* **Data section**
★ ★ ★ ★ ★ ★ ★
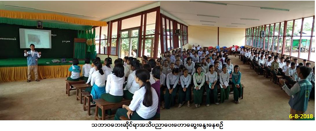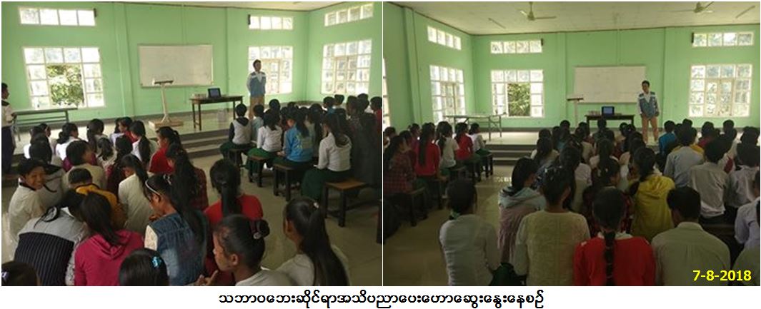 လူမှုဝန်ထမ်း၊ ကယ်ဆယ်ရေးနှင့်ပြန်လည်နေရာချထားရေးဝန်ကြီးဌာန၊ ဘေးအန္တရာယ်ဆိုင်ရာစီမံခန့်ခွဲမှုဦးစီးဌာန၊ ကယားပြည်နယ်ဦးစီးမှူးရုံးမှ တာဝန်ရှိသူများသည် (၆.၈.၂၀၁၈)ရက်နေ့တွင် ဘောလခဲခရိုင်၊ ဘောလခဲမြို့နယ်၊ အ.ထ.က(ဘောလခဲ)ကျောင်း၊ ကျောင်းသား/ကျောင်းသူ (၂၀၀)ဦးအားလည်းကောင်း၊ (၇.၈.၂၀၁၈)ရက်နေ့တွင် ဘောလခဲမြို့နယ်၊ အ.ထ.က(ရွာသစ်)ကျောင်း၊ ကျောင်းသား/ကျောင်းသူ(၂၀၀) ဦးအားလည်းကောင်း သဘာဝဘေးဆိုင်ရာအသိပညာပေးဟောပြောခဲ့ပြီး၊ တက်ရောက်လာသူများကို လက်ကမ်းစာစောင်များဝေငှခဲ့ကြောင်း သတင်းရရှိပါသည်။
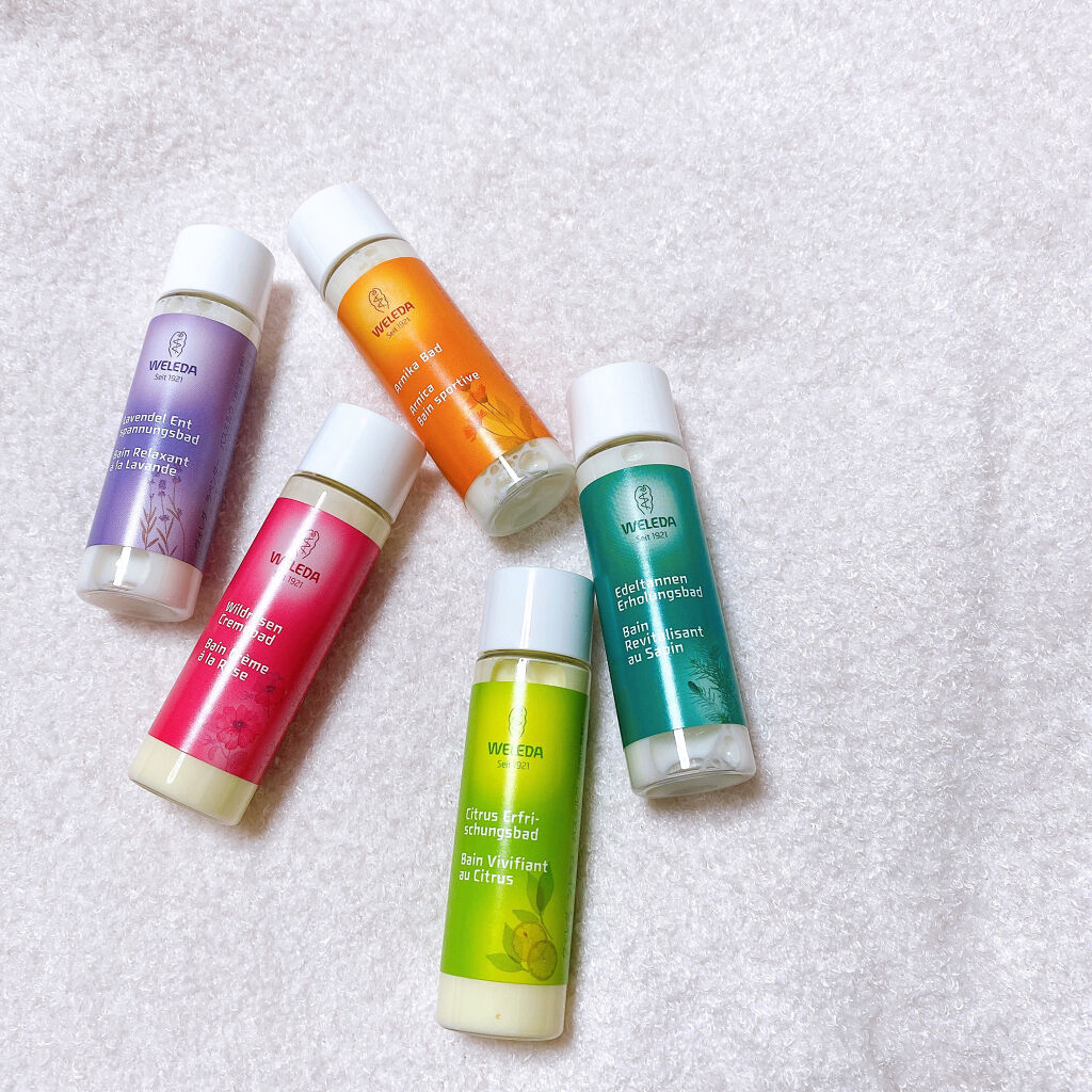 本当最高にいい香り。バラエティパックよりはフルボトルのがコスパいいので、お気に入りの香り見つけるのにはこちら使いつつ、いいの見つけたらフルボトルがおすすめ。たまたまセールしてたので、こちら2個購入した。WELEDAバスミルクミニセット¥3,3...
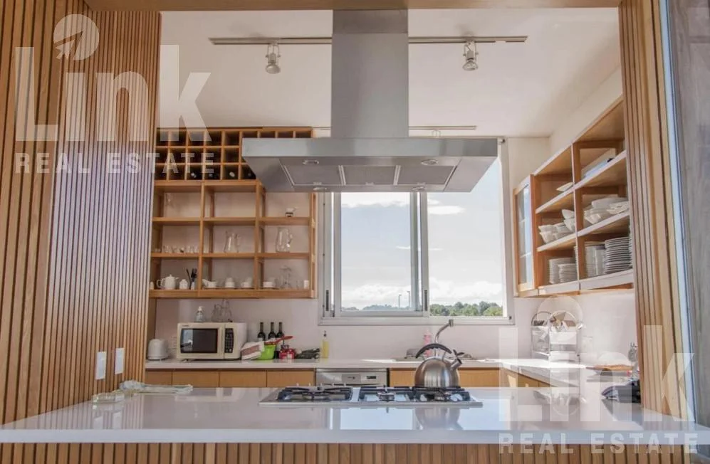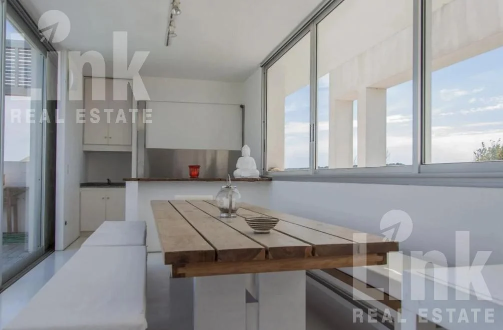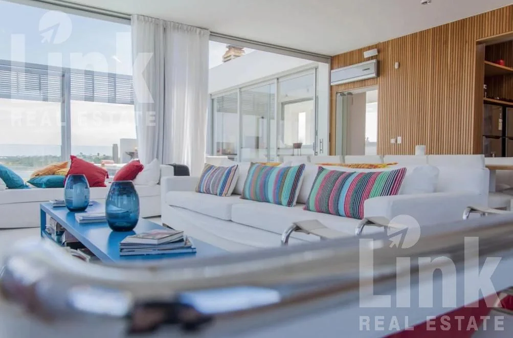 En la planta superior, sector principal de la casa, se aprecia una de las mejores vistas panorámicas al mar y al entorno, desde un increíble living con hogar a leña o en su espectacular terraza con pileta y camastros. Ambos espacios integrados para mejor comodidad. Cuenta con cocina estilo americano y barbacoa cubierta.
★ ★ ★ ★ ★ ★ ★
* **Directions for this task**
Put down exactly the lines of the data above that run from its first line through the line bearing "本当最高にいい香り。バラエテ", and no pictures.

* **Completed task**
 လူမှုဝန်ထမ်း၊ ကယ်ဆယ်ရေးနှင့်ပြန်လည်နေရာချထားရေးဝန်ကြီးဌာန၊ ဘေးအန္တရာယ်ဆိုင်ရာစီမံခန့်ခွဲမှုဦးစီးဌာန၊ ကယားပြည်နယ်ဦးစီးမှူးရုံးမှ တာဝန်ရှိသူများသည် (၆.၈.၂၀၁၈)ရက်နေ့တွင် ဘောလခဲခရိုင်၊ ဘောလခဲမြို့နယ်၊ အ.ထ.က(ဘောလခဲ)ကျောင်း၊ ကျောင်းသား/ကျောင်းသူ (၂၀၀)ဦးအားလည်းကောင်း၊ (၇.၈.၂၀၁၈)ရက်နေ့တွင် ဘောလခဲမြို့နယ်၊ အ.ထ.က(ရွာသစ်)ကျောင်း၊ ကျောင်းသား/ကျောင်းသူ(၂၀၀) ဦးအားလည်းကောင်း သဘာဝဘေးဆိုင်ရာအသိပညာပေးဟောပြောခဲ့ပြီး၊ တက်ရောက်လာသူများကို လက်ကမ်းစာစောင်များဝေငှခဲ့ကြောင်း သတင်းရရှိပါသည်။
 本当最高にいい香り。バラエティパックよりはフルボトルのがコスパいいので、お気に入りの香り見つけるのにはこちら使いつつ、いいの見つけたらフルボトルがおすすめ。たまたまセールしてたので、こちら2個購入した。WELEDAバスミルクミニセット¥3,3...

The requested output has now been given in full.